Aim of the exercise: The full set of lines below has to be duplicated exactly, with no picture kept.

Source material:
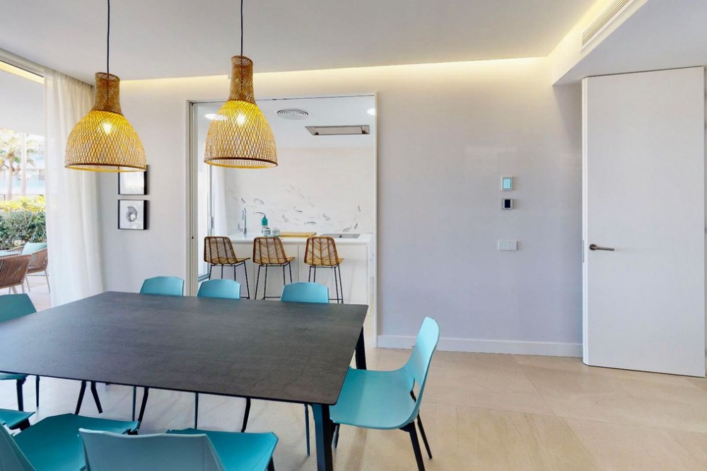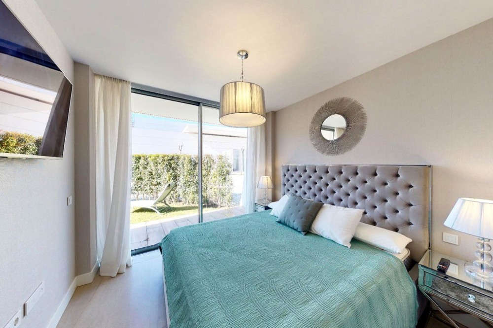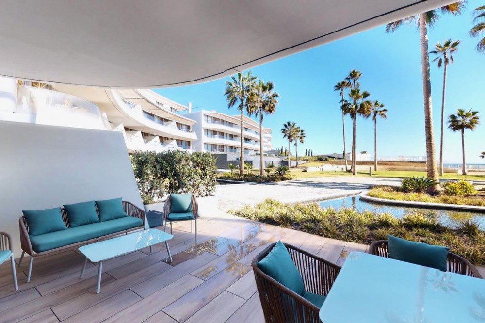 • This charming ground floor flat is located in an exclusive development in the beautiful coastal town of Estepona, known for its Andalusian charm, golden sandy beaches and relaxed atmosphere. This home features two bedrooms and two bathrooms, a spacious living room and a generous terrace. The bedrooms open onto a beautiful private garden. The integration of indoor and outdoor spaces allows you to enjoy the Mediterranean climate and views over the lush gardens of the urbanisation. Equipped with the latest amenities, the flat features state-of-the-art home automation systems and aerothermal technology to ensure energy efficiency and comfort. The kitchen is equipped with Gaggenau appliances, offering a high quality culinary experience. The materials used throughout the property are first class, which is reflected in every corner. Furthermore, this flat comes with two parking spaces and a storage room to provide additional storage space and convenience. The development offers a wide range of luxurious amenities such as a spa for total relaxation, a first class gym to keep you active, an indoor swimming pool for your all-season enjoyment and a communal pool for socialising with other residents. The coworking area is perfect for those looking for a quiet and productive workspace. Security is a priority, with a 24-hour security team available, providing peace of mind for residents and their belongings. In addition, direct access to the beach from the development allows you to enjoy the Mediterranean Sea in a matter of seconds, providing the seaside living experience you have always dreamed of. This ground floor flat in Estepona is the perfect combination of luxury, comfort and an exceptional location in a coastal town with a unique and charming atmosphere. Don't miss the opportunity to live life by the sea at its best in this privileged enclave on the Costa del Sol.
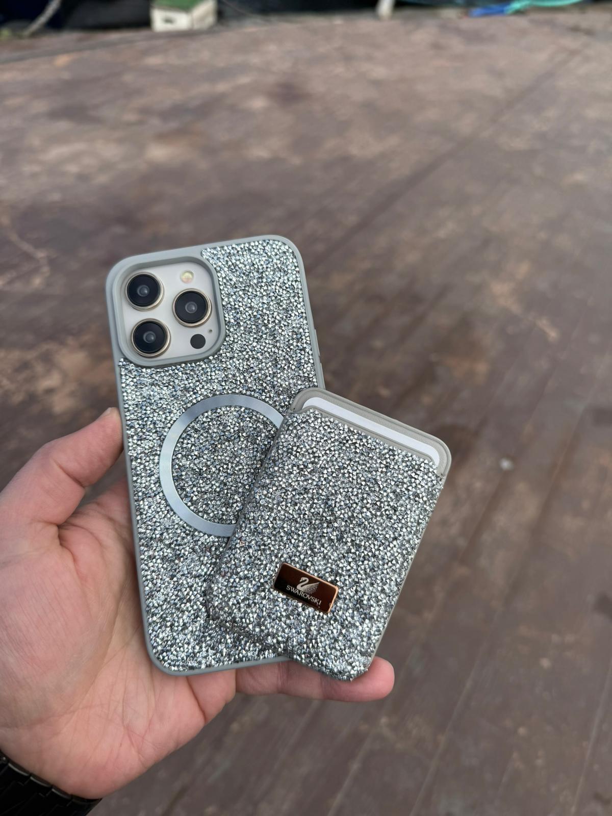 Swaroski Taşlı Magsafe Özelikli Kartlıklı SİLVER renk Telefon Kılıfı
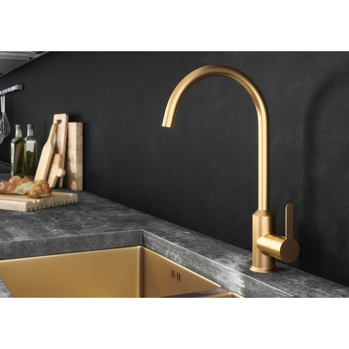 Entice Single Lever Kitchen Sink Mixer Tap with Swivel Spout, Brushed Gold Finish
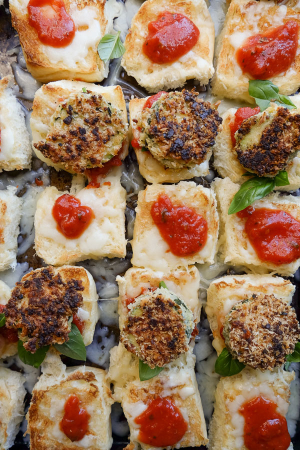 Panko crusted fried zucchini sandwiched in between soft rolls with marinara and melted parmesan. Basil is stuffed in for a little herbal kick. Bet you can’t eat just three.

Task response:
 • This charming ground floor flat is located in an exclusive development in the beautiful coastal town of Estepona, known for its Andalusian charm, golden sandy beaches and relaxed atmosphere. This home features two bedrooms and two bathrooms, a spacious living room and a generous terrace. The bedrooms open onto a beautiful private garden. The integration of indoor and outdoor spaces allows you to enjoy the Mediterranean climate and views over the lush gardens of the urbanisation. Equipped with the latest amenities, the flat features state-of-the-art home automation systems and aerothermal technology to ensure energy efficiency and comfort. The kitchen is equipped with Gaggenau appliances, offering a high quality culinary experience. The materials used throughout the property are first class, which is reflected in every corner. Furthermore, this flat comes with two parking spaces and a storage room to provide additional storage space and convenience. The development offers a wide range of luxurious amenities such as a spa for total relaxation, a first class gym to keep you active, an indoor swimming pool for your all-season enjoyment and a communal pool for socialising with other residents. The coworking area is perfect for those looking for a quiet and productive workspace. Security is a priority, with a 24-hour security team available, providing peace of mind for residents and their belongings. In addition, direct access to the beach from the development allows you to enjoy the Mediterranean Sea in a matter of seconds, providing the seaside living experience you have always dreamed of. This ground floor flat in Estepona is the perfect combination of luxury, comfort and an exceptional location in a coastal town with a unique and charming atmosphere. Don't miss the opportunity to live life by the sea at its best in this privileged enclave on the Costa del Sol.
 Swaroski Taşlı Magsafe Özelikli Kartlıklı SİLVER renk Telefon Kılıfı
 Entice Single Lever Kitchen Sink Mixer Tap with Swivel Spout, Brushed Gold Finish
 Panko crusted fried zucchini sandwiched in between soft rolls with marinara and melted parmesan. Basil is stuffed in for a little herbal kick. Bet you can’t eat just three.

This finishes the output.